■ Exercise description: Transcribe word for word each line from the one containing "Im allerersten Workshop" to the final line of the data, both included. Skip the pictures.

(Provided entries)

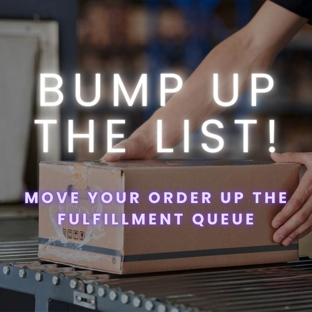 In case you need your order to arrive sooner, you have the option to Bump Your Order Up the List! Pay an additional $10, and we will bump your order up the queue.
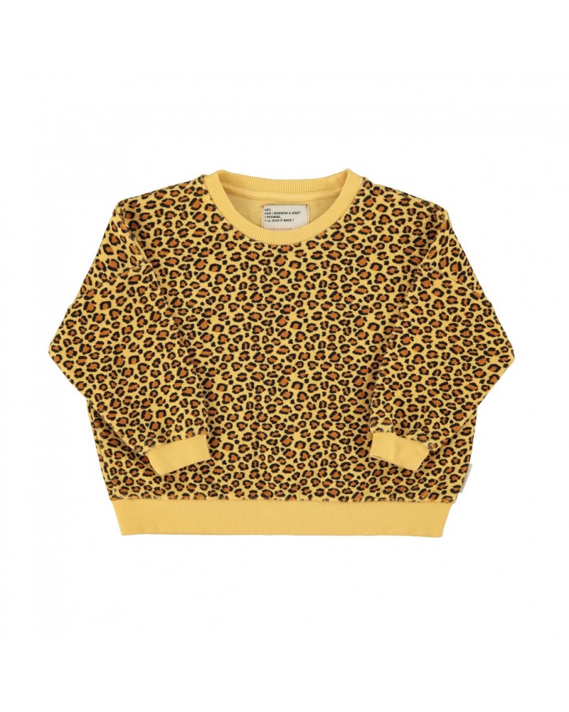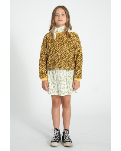 Mustard-colored sweatshirt with a leo spots print in organic fleece cotton.
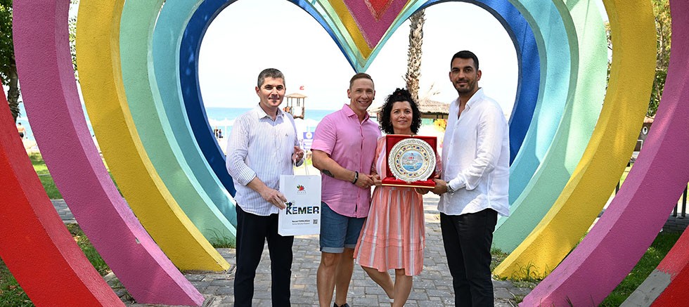 Türkiye’nin en önemli turizm destinasyonları arasında yer alan Kemer’e 20 yıldır gelerek tatil yapan Finlandiyalı Heidi ve Jari Sorsa çiftine, Kemer Belediye Meclis Üyesi Cansın Efir ile Kemer Turizmci ve İş İnsanları Derneği (KEMİAD) Başkan Yardımcısı Özkan Çakmak teşekkür plaketi verdi.
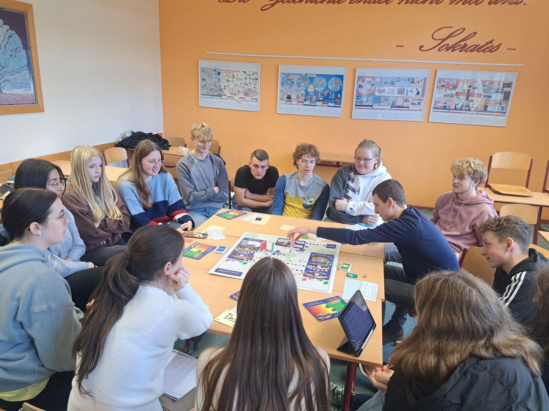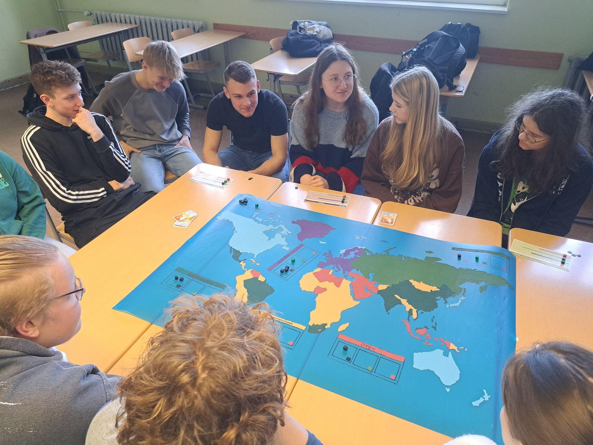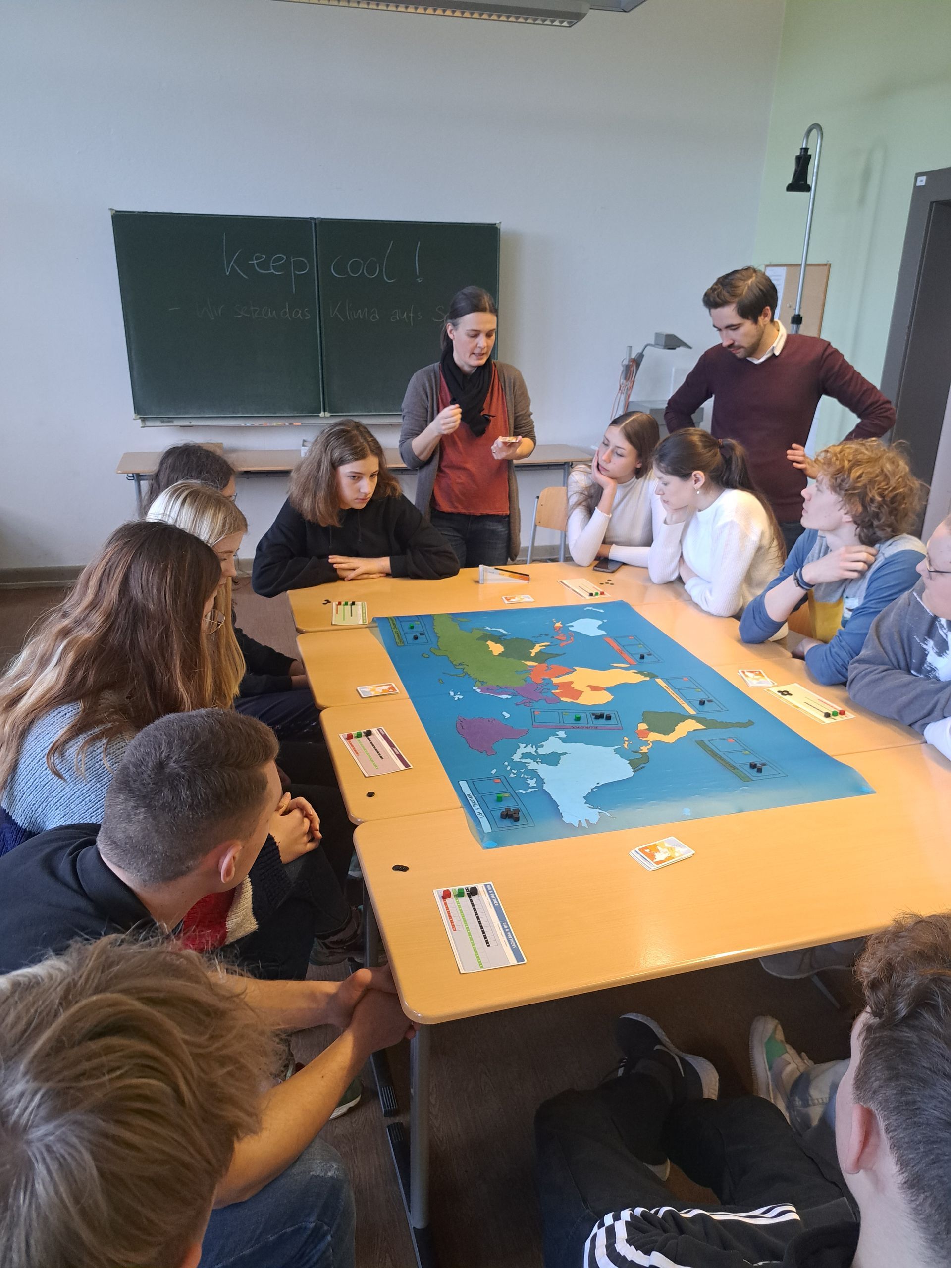 Im allerersten Workshop empfing Nadine Jeschke die Schüler, um ein Brettspiel unter dem Thema „Keep cool - Wir setzen das Klima aufs Spiel" zu spielen. Dabei handelt es sich um ein Gesellschaftsspiel rund ums Klima, bei dem spielerisch die jugendliche Weitsicht über
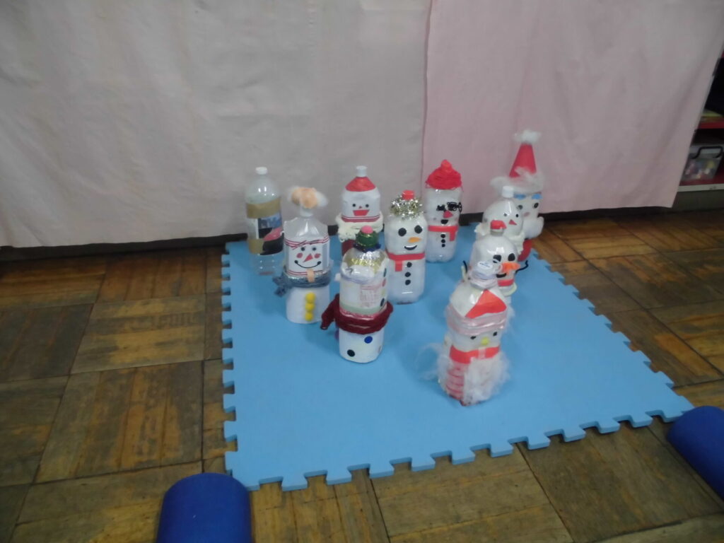 この日のために、12月初旬から踊りの練習や宝探しゲームで使用するお宝の作成やクリスマス風のボーリングピン作りを頑張ってきました。

(End Provided entries)

■ Answer to this task:
 Im allerersten Workshop empfing Nadine Jeschke die Schüler, um ein Brettspiel unter dem Thema „Keep cool - Wir setzen das Klima aufs Spiel" zu spielen. Dabei handelt es sich um ein Gesellschaftsspiel rund ums Klima, bei dem spielerisch die jugendliche Weitsicht über
 この日のために、12月初旬から踊りの練習や宝探しゲームで使用するお宝の作成やクリスマス風のボーリングピン作りを頑張ってきました。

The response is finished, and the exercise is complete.